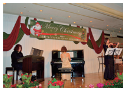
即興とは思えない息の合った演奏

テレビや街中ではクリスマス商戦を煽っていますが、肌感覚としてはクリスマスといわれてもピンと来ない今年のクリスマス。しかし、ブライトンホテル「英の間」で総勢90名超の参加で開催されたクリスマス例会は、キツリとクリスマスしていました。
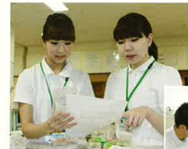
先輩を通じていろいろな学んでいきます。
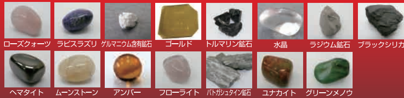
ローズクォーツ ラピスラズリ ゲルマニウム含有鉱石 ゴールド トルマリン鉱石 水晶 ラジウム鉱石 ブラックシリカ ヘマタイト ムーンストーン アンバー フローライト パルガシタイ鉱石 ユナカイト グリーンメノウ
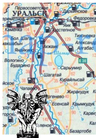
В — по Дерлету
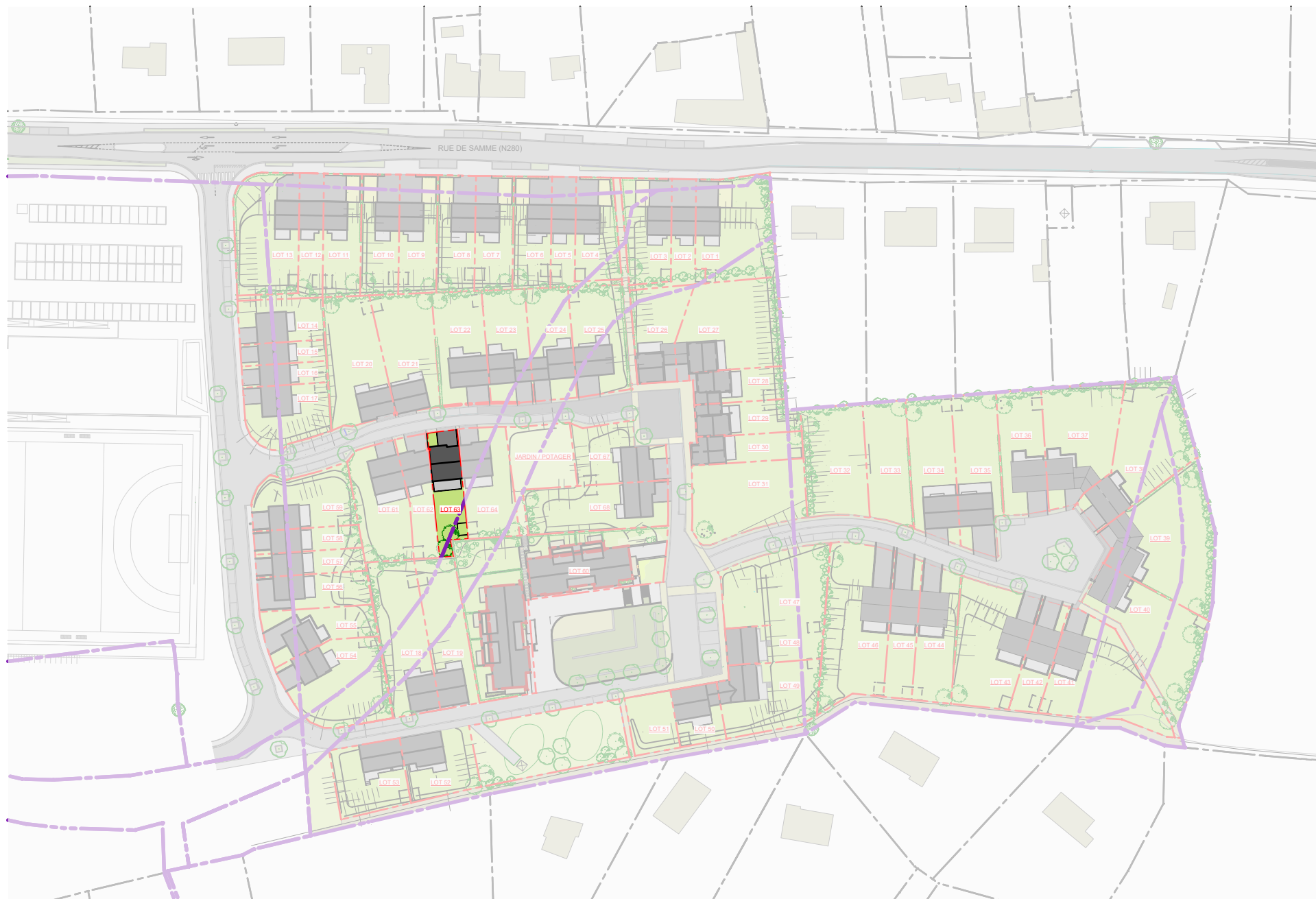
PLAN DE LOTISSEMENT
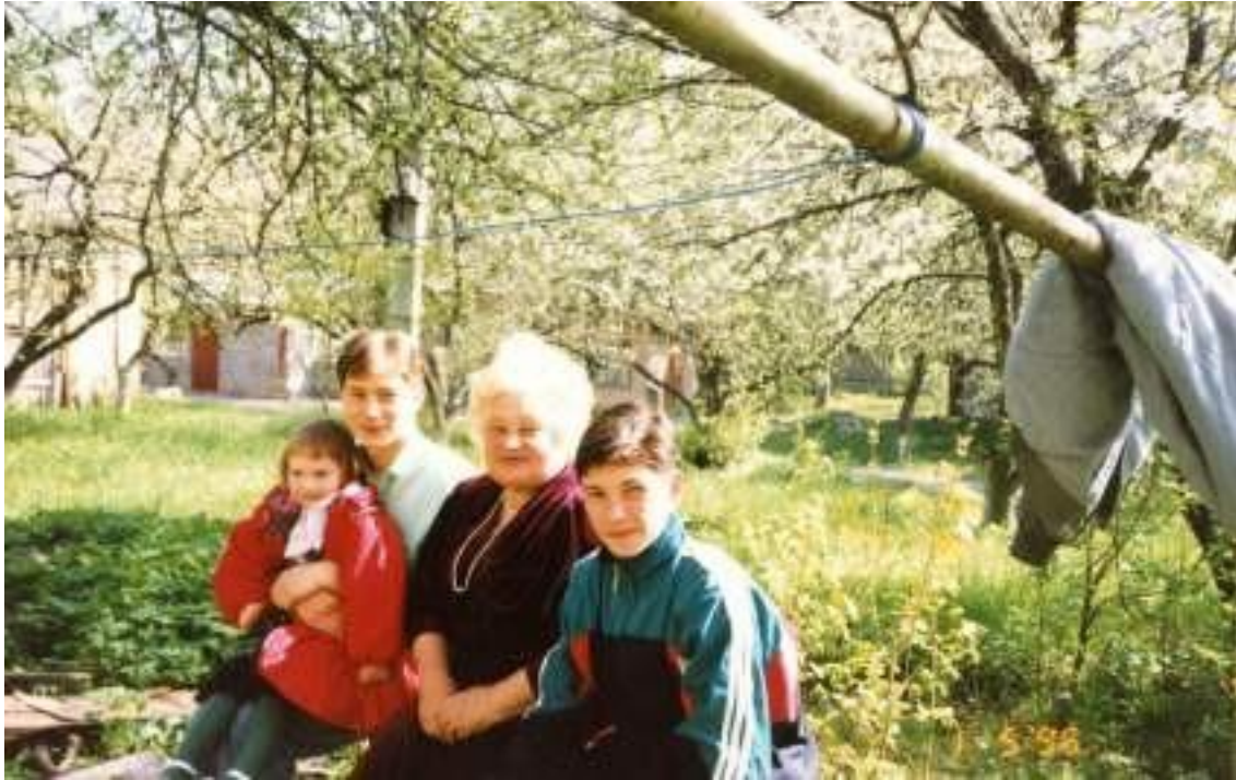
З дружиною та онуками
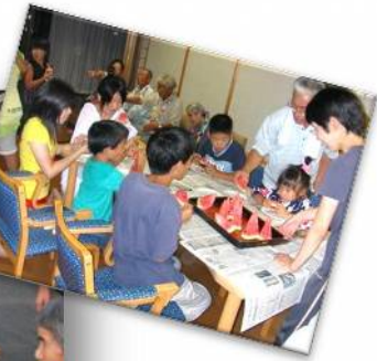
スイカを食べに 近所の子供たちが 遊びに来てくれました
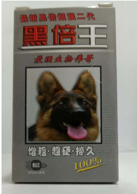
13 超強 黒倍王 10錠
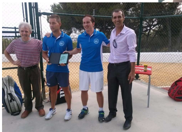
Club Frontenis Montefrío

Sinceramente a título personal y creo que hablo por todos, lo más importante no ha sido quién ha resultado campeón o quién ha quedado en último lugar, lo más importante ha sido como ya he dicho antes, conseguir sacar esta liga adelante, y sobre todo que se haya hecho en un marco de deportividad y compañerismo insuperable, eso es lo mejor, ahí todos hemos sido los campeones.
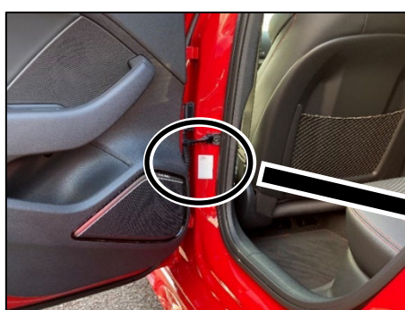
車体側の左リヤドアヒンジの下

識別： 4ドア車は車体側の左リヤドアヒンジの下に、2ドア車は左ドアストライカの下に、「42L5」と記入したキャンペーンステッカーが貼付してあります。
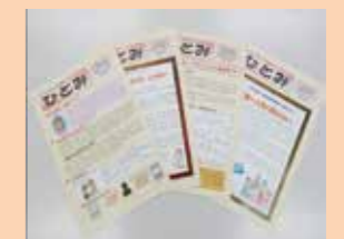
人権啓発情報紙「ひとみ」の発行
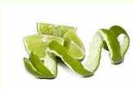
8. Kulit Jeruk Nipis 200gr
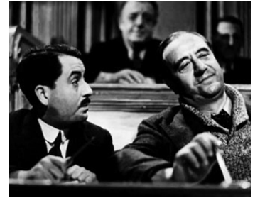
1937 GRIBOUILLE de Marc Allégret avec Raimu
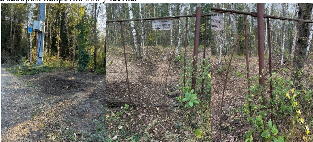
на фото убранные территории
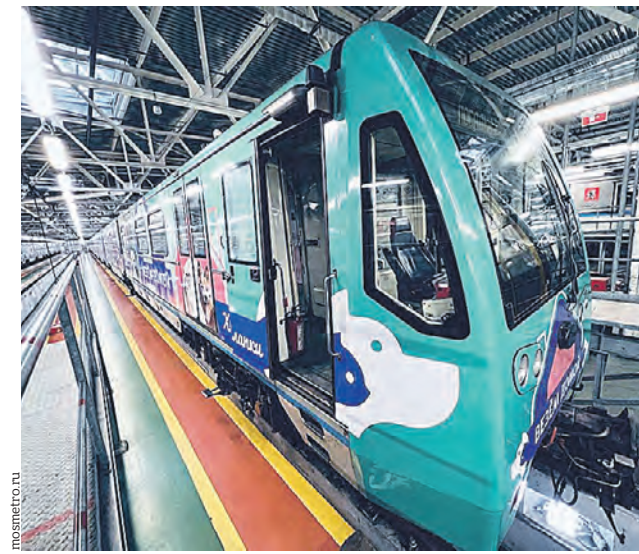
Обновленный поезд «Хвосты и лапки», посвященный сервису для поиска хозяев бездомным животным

-- -- --

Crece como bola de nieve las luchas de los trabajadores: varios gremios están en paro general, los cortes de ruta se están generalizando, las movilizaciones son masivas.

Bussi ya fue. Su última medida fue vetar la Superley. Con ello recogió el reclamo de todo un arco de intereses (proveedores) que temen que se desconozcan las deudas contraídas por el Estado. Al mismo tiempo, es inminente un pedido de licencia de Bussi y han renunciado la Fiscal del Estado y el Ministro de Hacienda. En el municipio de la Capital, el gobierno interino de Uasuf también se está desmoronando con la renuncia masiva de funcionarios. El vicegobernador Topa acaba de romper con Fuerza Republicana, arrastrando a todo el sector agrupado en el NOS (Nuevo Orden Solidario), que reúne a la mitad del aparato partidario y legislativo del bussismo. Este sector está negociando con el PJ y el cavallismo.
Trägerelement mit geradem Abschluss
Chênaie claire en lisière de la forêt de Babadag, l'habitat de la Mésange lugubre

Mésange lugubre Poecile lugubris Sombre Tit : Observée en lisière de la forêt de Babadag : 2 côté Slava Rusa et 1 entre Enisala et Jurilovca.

-- -- --

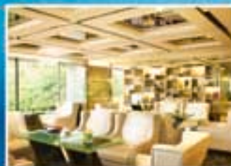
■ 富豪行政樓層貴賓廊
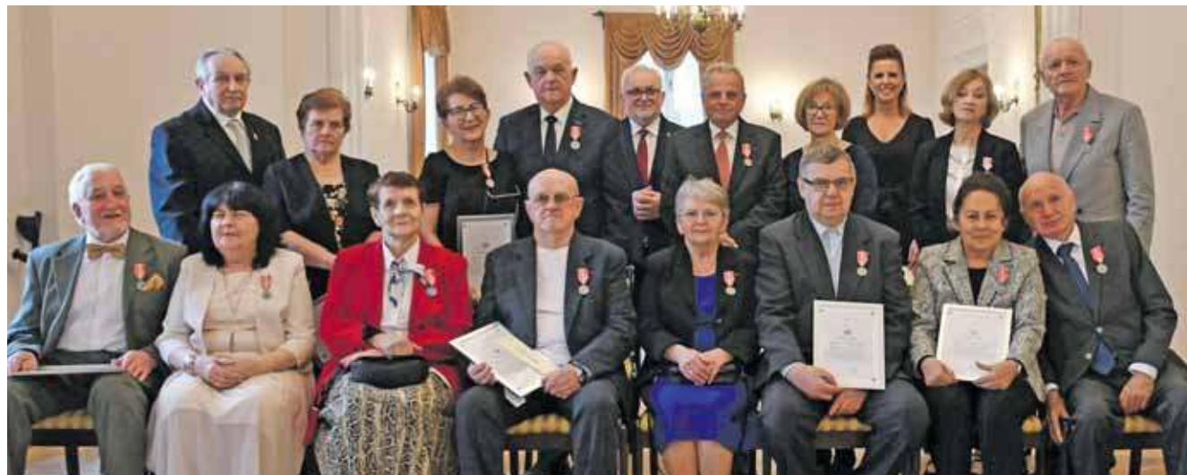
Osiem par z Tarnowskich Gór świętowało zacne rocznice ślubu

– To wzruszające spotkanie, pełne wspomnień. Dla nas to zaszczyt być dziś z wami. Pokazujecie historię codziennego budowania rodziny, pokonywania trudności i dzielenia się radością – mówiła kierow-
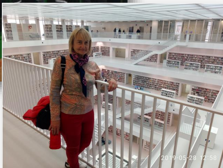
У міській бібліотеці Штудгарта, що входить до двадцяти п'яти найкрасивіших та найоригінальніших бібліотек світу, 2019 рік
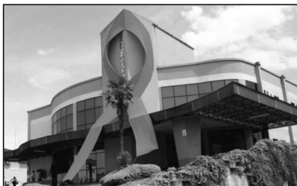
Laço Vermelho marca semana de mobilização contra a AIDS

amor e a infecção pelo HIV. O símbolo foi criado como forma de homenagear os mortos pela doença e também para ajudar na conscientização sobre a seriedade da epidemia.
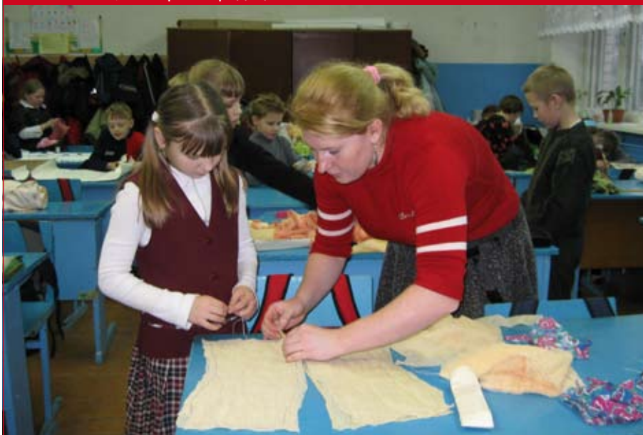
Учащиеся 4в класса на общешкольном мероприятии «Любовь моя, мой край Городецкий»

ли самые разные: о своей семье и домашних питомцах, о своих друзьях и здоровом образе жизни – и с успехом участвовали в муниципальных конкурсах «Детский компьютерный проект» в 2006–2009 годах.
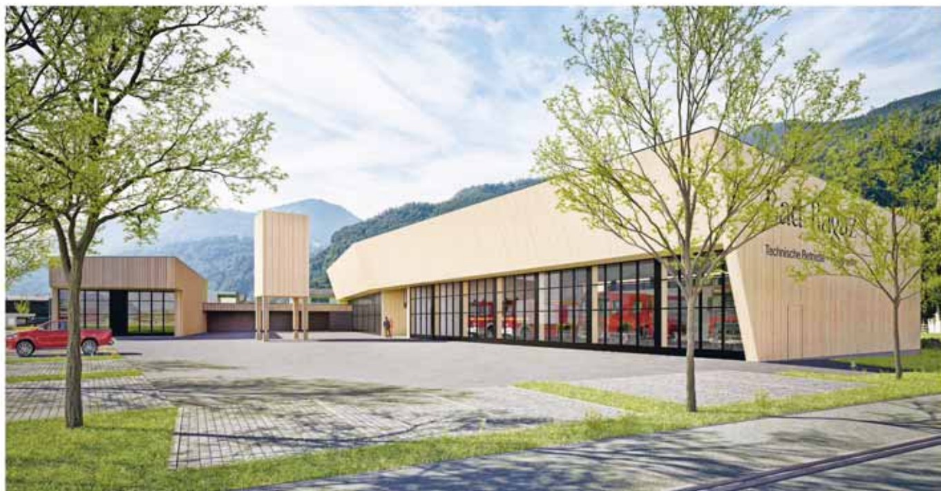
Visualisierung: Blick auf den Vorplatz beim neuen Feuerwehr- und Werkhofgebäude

-- -- --

» **Task item**: Give back exactly the lines above that run from the one with "Osiem par z" to the one with "Visualisierung: Blick auf", including both, with the pictures left out.

» **Solution for this exercise**:
Osiem par z Tarnowskich Gór świętowało zacne rocznice ślubu

– To wzruszające spotkanie, pełne wspomnień. Dla nas to zaszczyt być dziś z wami. Pokazujecie historię codziennego budowania rodziny, pokonywania trudności i dzielenia się radością – mówiła kierow-
У міській бібліотеці Штудгарта, що входить до двадцяти п'яти найкрасивіших та найоригінальніших бібліотек світу, 2019 рік
Laço Vermelho marca semana de mobilização contra a AIDS

amor e a infecção pelo HIV. O símbolo foi criado como forma de homenagear os mortos pela doença e também para ajudar na conscientização sobre a seriedade da epidemia.
Учащиеся 4в класса на общешкольном мероприятии «Любовь моя, мой край Городецкий»

ли самые разные: о своей семье и домашних питомцах, о своих друзьях и здоровом образе жизни – и с успехом участвовали в муниципальных конкурсах «Детский компьютерный проект» в 2006–2009 годах.
Visualisierung: Blick auf den Vorplatz beim neuen Feuerwehr- und Werkhofgebäude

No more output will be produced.